__Try it__. Each line of the material must be reproduced exactly; pictures stay out.

__Given material__.
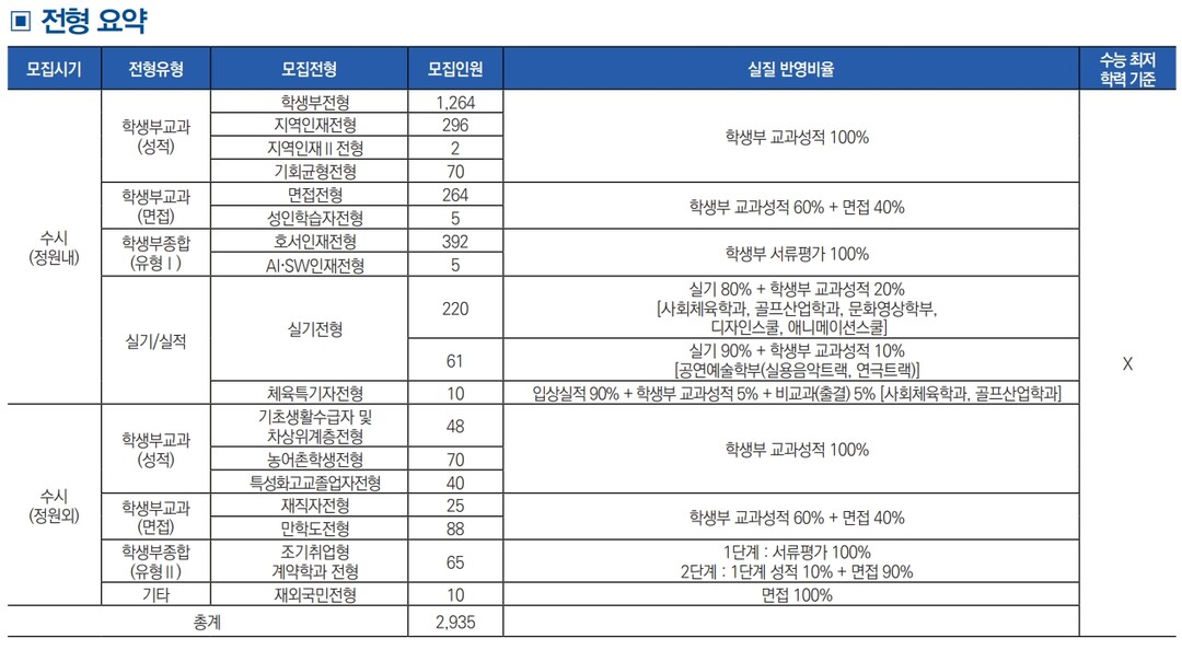 2026학년도 수시모집 2,589명 선발, 수능최저학력기준 없어
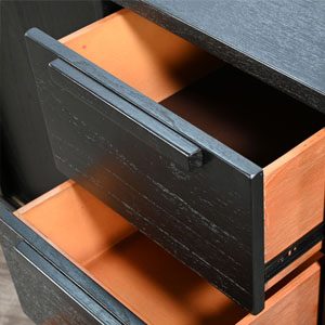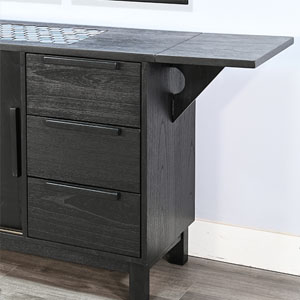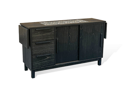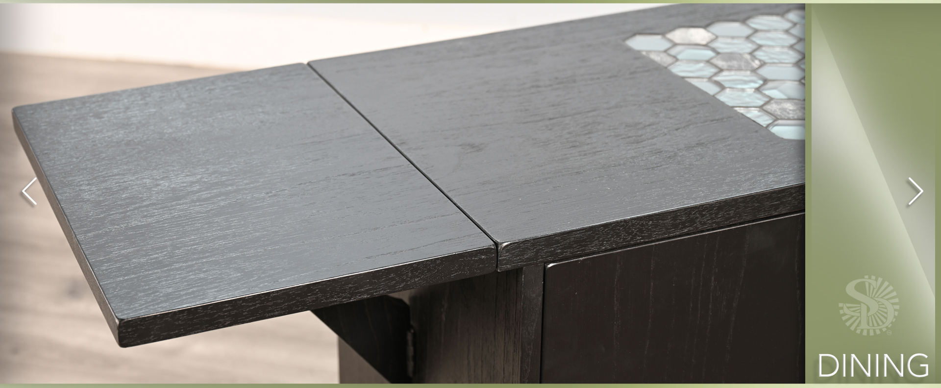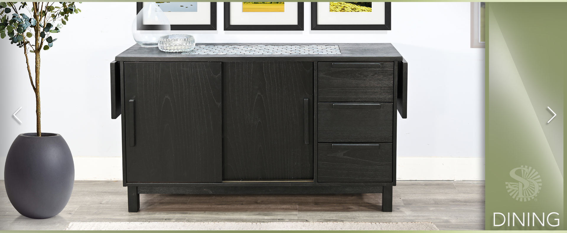 spaces and is complemented by a drop-leave server that provides lots of storage, The chairs feature a comfortable
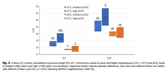 結論:未來海洋酸化(高CO?/低pH)在較低溫度下可能通過降低代謝成本,促進C. finmarchicus的生長和脂質儲備。
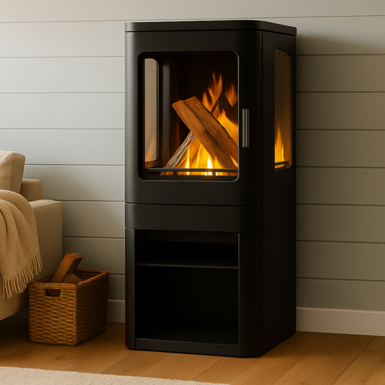 De Neo 3C combineert modern design met een panoramisch zicht op realistische LED-vlammen. Dankzij het driezijdige glas geniet u vanuit elke hoek van een sfeervol vlammenspel. Met zijn vermogen van 2000 watt verwarmt hij comfortabel en efficiënt, en met de afstandsbediening regelt u moeiteloos de intensiteit en kleur van de vlammen. Perfect te plaatsen als vrijstaand model of met een stijlvolle houtopslagmodule.

__Answer for the task__.
 2026학년도 수시모집 2,589명 선발, 수능최저학력기준 없어
 spaces and is complemented by a drop-leave server that provides lots of storage, The chairs feature a comfortable
 結論:未來海洋酸化(高CO?/低pH)在較低溫度下可能通過降低代謝成本,促進C. finmarchicus的生長和脂質儲備。
 De Neo 3C combineert modern design met een panoramisch zicht op realistische LED-vlammen. Dankzij het driezijdige glas geniet u vanuit elke hoek van een sfeervol vlammenspel. Met zijn vermogen van 2000 watt verwarmt hij comfortabel en efficiënt, en met de afstandsbediening regelt u moeiteloos de intensiteit en kleur van de vlammen. Perfect te plaatsen als vrijstaand model of met een stijlvolle houtopslagmodule.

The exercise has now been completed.